Tue Apr 16, 2013, 04:04 PM
Apr 2013

I watched an episode of Anthony's Bourdain's show that
featured this form of fishing in China.

 

SheilaT

(23,156 posts)
2. I wonder if the people who live there
Tue Apr 16, 2013, 04:06 PM
Apr 2013

see that landscape as being as beautiful as I see it.

Some of those pictures look like paintings I've seen of fantasy landscape.

snagglepuss

(12,704 posts)
3. I worked with someone raised in St Kitts and she told me as a child she and her
Tue Apr 16, 2013, 04:24 PM
Apr 2013

sister would make fun of a retired english woman who everyday would comment about the weather and how wonderful it was. My friend as a child thought the woman was nuts to keep commenting how beautiful every day was. My coworker said when she moved to Canada she started commenting on beautiful weather and only then realized that she had taken the beautiful weather in St Kitts for granted. I imagine it's the same for the fishermen.

OriginalGeek

(12,132 posts)
8. Before I read your post
Tue Apr 16, 2013, 04:49 PM
Apr 2013

I was showing the pictures to a co-worker and he said "That's not real! Those MUST be paintings!"

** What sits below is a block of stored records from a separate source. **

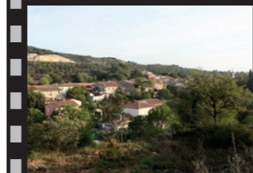
F. Hébraud, 2014
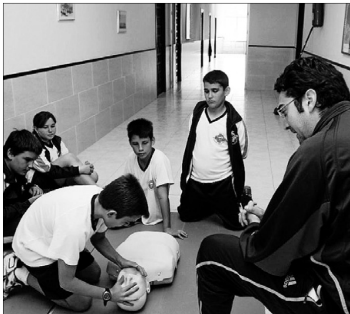
Cerca de 120 alumnos asistieron el primer día a los cursos. ARCINIEGA

ner la víctima, la colocación de las manos para realizar el masaje cardíaco o el boca-boca.
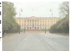
Palast in Oslo

Trotzdem trifft der Vorfall einen wunden Punkt der Königsfamilie: Norwegens Kronprinzessin Mette-Marit hatte vor ihrer Heirat mit Kronprinz Haakon eine Liaison mit einem verurteilten Drogenkriminellen. Haakons Schwester Märtha Louise wiederum ist mit dem Schriftsteller und Filmemacher Ari Behn verheiratet, der bereits in Las Vegas in Begleitung zweier Kokain schnupfender Prostituiertes gesehen worden war.
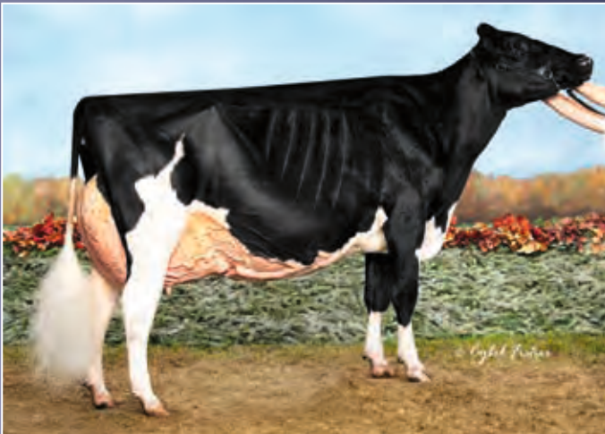
Rosiers Blexy Goldwyn EX-97

Blexy etabliert sich als Zuchtkuh. Hier haben Sie die Chance ihre Summerfest-Enkelin zu kaufen. Eine Empfehlung für die nächsten Typtierwettbewerbe.

adding that place to the lottery winnings wish-list.

progressoid

(49,827 posts)
5. And it's a China that is disappearing.
Tue Apr 16, 2013, 04:40 PM
Apr 2013


ABOUT 28,000 rivers have disappeared from China's state maps, an absence seized upon by environmentalists as evidence of the irreversible natural cost of developmental excesses.

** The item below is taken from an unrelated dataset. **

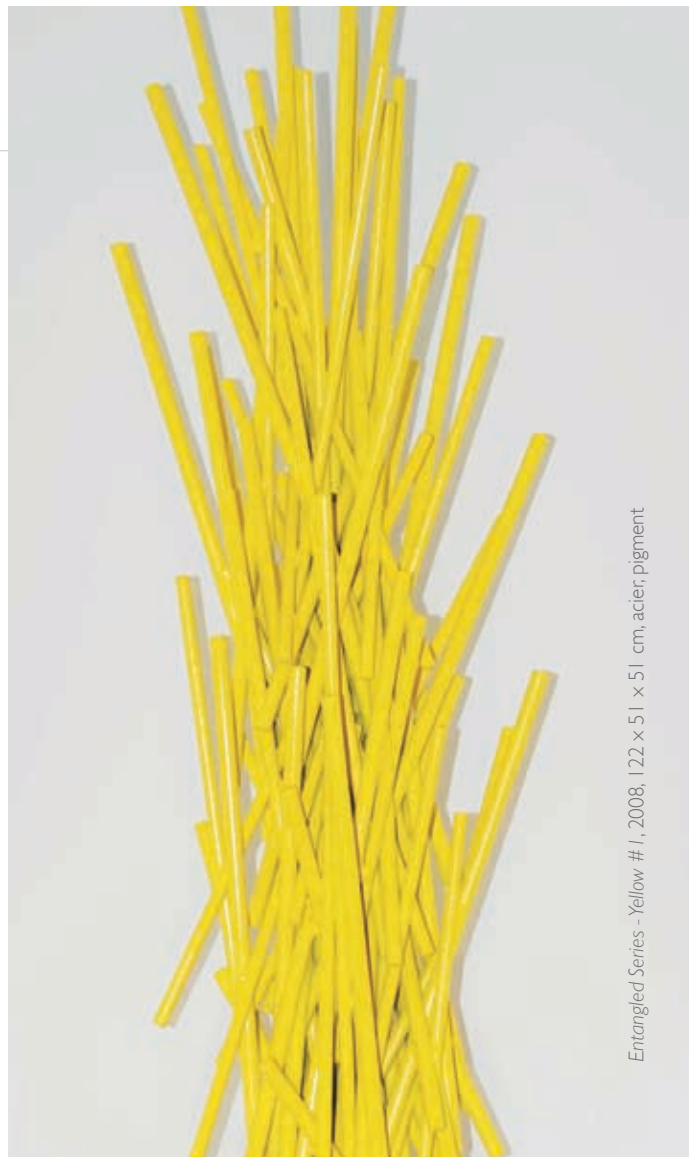
Entangled Series - Yellow #1, 2008, 122 x 51 x 51 cm, acier, pigment

Avec ses nouvelles explorations, l'artiste est à la recherche d'une communication élémentaire et universelle entre les êtres et les milieux dans lesquels ils évoluent. C'est en travaillant les formes et les couleurs dans leurs qualités visuelles immanentes et leur tactilité qu'il se sert de l'art pour transformer les espaces par le biais d'une mutation du regard.

More than half of the rivers previously thought to exist in China appear to be missing, according to the 800,000 surveyors who compiled the first national water census, leaving Beijing fumbling to explain the cause.

Only 22,909 rivers covering an area of 100sq km were located by surveyors, compared with the more than 50,000 in the 1990s, a three-year study by the Ministry of Water Resources and the National Bureau of Statistics found.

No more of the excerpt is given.